We have also finally found the house we want and could possibly get it for a STEAL since it's not currently listed but I kknow they are still interested in selling. It's our dream house, and it would even cut our living costs by almost 60%. It would also be a move from the burbs to the country. Our son would have 15 acres to run and play on, our horses could live with us and not be boarded, I could expand my gardening, etc etc. A good life for all. And what I think would financially be a smart move.

We have an offer in from a couple who would need us to close June 1st. They can't budge because they need to be out of their house by then. If they don't buy our house they will most likely buy the one for sale across the street from us but our house is their first choice.

We also have another interested party who have not yet made an offer but are coming back with their architect for a second look.

Here's the catch. I'm due to have our daughter on June 28th. I'm planning a hospital birth VBAC w/ midwives but I will be doing 90% of my laboring at home. My midwives really don't want me at the hospital until I'm ready to pop. They are really rooting for me to have a successful VBAC and they feel the longer I can be at home the better. So I want a calm peaceful surroundings for that of course. I'm VERY sensitive to environments.

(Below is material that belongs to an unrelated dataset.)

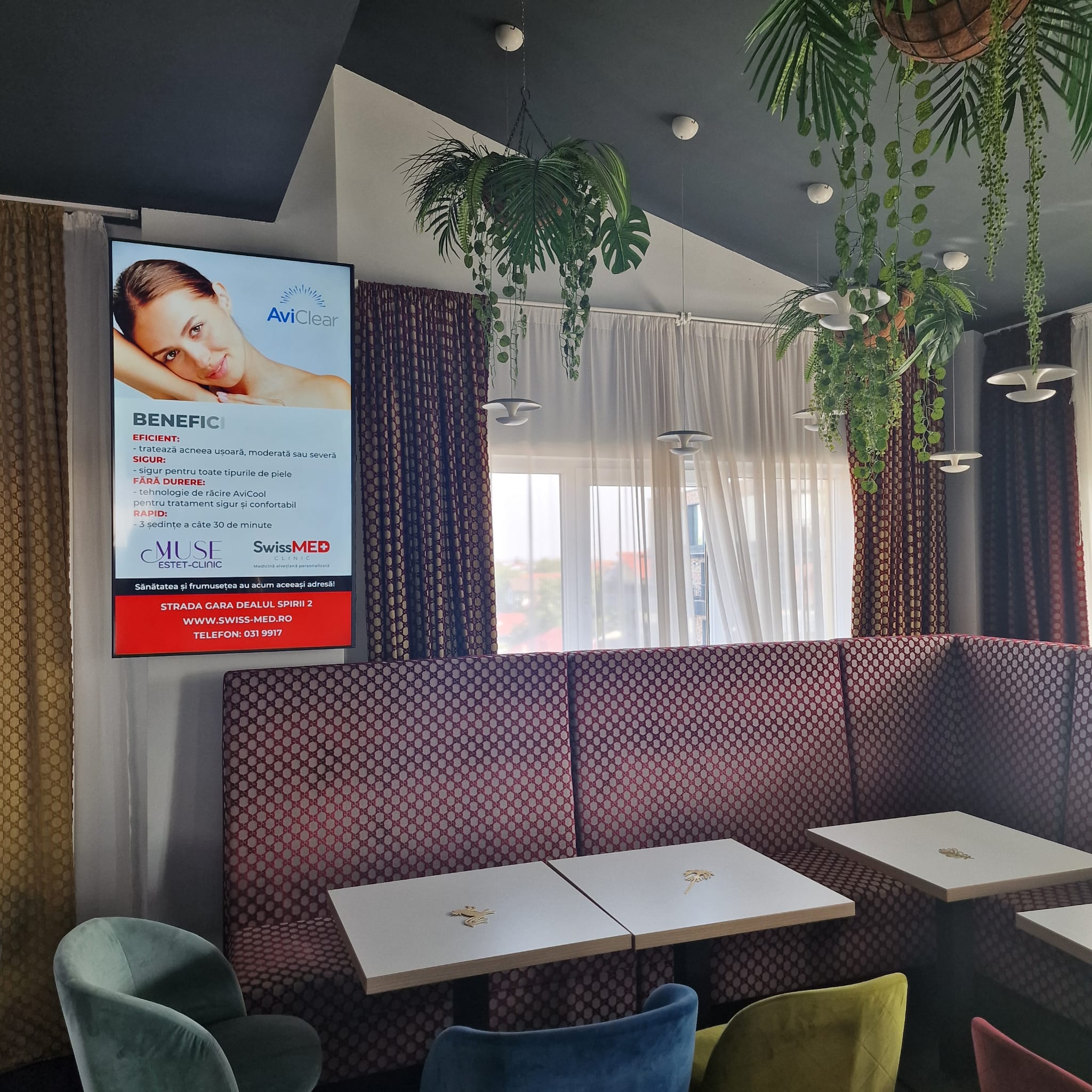- Ecranele din rețeaua noastră sunt amplasate în locații atent selectate – spații comerciale, centre de business, clinici, săli de fitness și alte puncte cu flux constant de vizitatori.

Also I'm concerned for DS who will 3 on 7/12. I'm concerned that a new baby and a new home might be very overwhelming for him. I wish we could push the closing to September to give him a chance to get used to his new siblign before we uproot him. We have been having talks about the new house and of course his new little sister but I feel the talks will fall short when the actual move or baby actually become realities. He's such an easy going little guy but he's also very sensitive.

And I want the ability to have a baby peacefully and recover and deal with a newborn peacefully.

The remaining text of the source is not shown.